*TASK REQUIREMENTS*:
In the material below, pictures must be dropped. Repeat exactly, and only, the lines from the line with "- par son nom, si" to the line with "Ремешок идеально подходит", both ends included.

*MATERIAL SUPPLIED*:

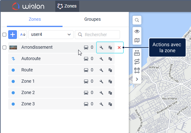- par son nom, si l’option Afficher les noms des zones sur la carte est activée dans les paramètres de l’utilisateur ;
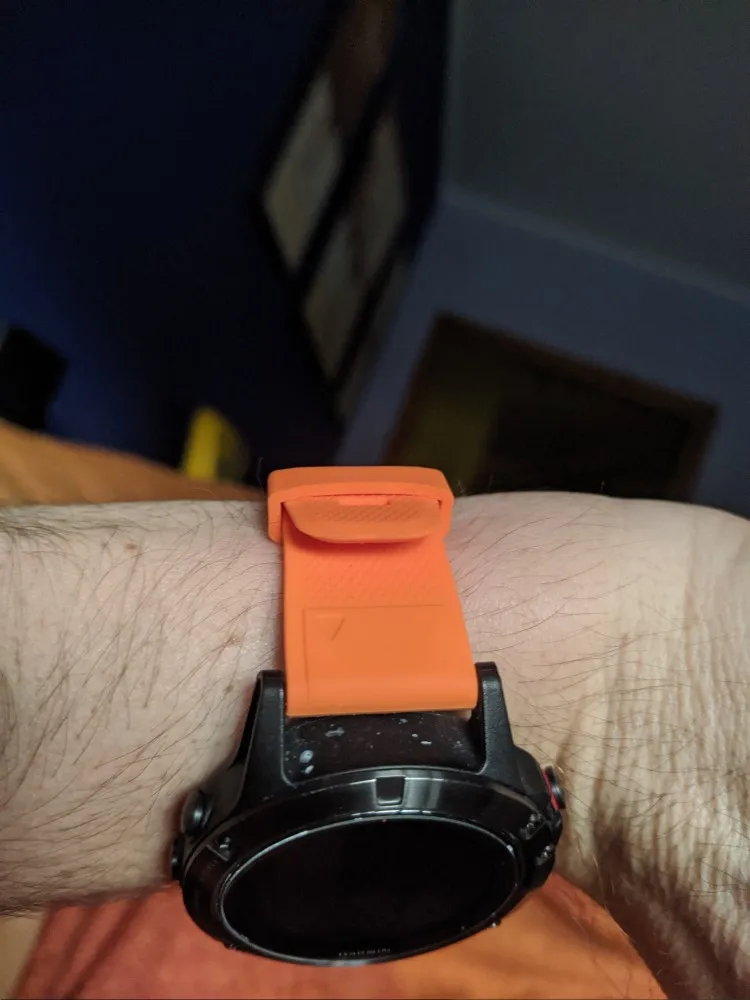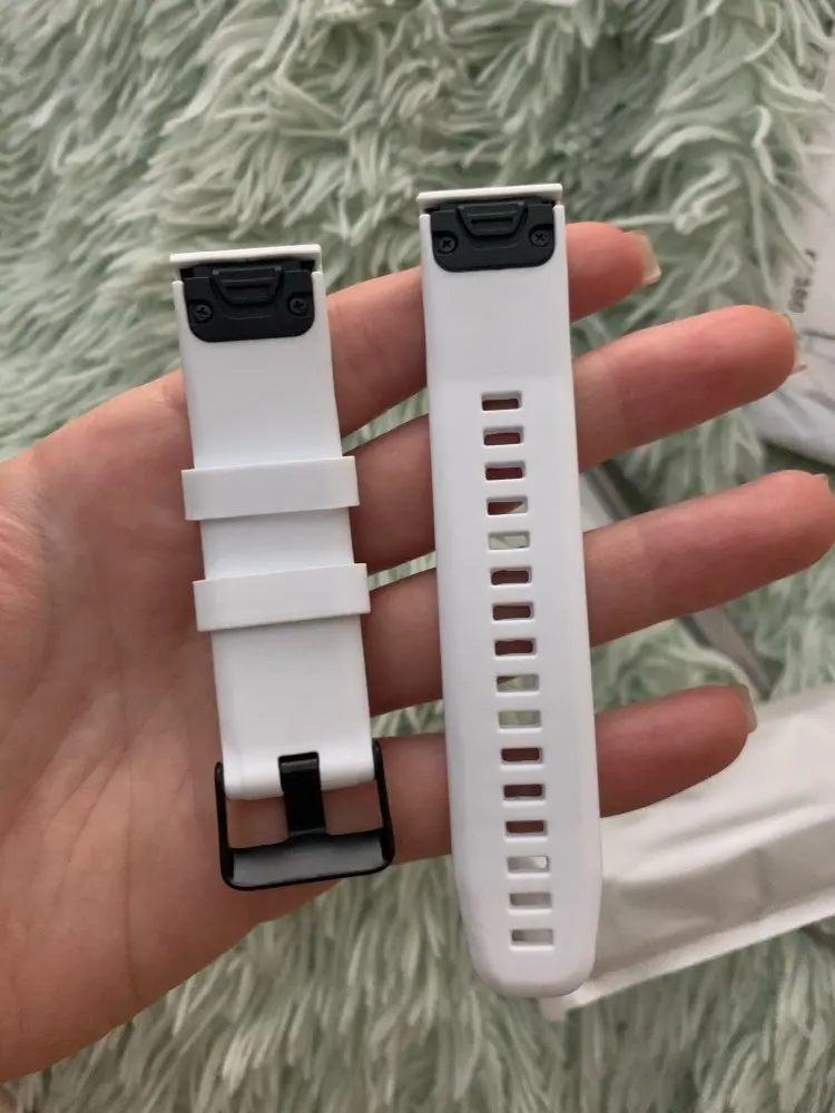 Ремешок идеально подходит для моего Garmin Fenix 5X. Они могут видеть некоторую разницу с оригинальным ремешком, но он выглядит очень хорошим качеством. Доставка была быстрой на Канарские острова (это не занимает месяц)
---
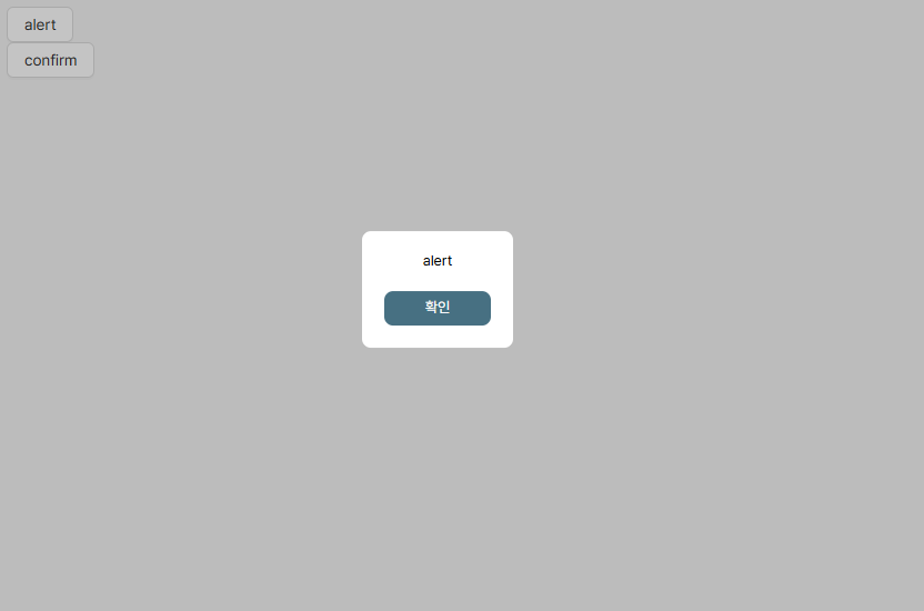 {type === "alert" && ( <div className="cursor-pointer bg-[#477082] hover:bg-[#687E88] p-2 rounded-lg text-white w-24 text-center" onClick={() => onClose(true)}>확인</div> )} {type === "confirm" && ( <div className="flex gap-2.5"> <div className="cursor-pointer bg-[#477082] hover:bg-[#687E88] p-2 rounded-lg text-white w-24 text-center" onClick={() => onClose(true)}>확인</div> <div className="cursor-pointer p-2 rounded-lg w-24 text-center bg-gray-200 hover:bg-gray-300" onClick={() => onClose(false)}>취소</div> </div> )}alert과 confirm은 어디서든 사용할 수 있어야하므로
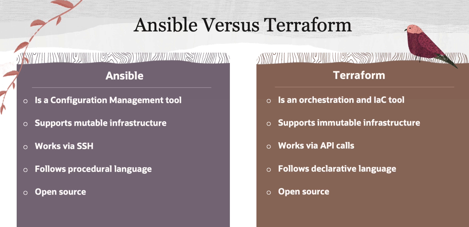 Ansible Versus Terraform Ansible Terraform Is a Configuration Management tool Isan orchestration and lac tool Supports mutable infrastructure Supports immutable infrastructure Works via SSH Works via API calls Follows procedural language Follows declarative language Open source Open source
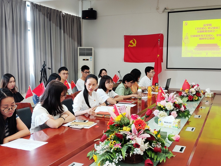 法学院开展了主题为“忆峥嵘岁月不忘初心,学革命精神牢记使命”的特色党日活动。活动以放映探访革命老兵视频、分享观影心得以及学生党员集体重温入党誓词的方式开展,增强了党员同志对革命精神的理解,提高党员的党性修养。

*SOLUTION TO THE PROBLEM*:
- par son nom, si l’option Afficher les noms des zones sur la carte est activée dans les paramètres de l’utilisateur ;
 Ремешок идеально подходит для моего Garmin Fenix 5X. Они могут видеть некоторую разницу с оригинальным ремешком, но он выглядит очень хорошим качеством. Доставка была быстрой на Канарские острова (это не занимает месяц)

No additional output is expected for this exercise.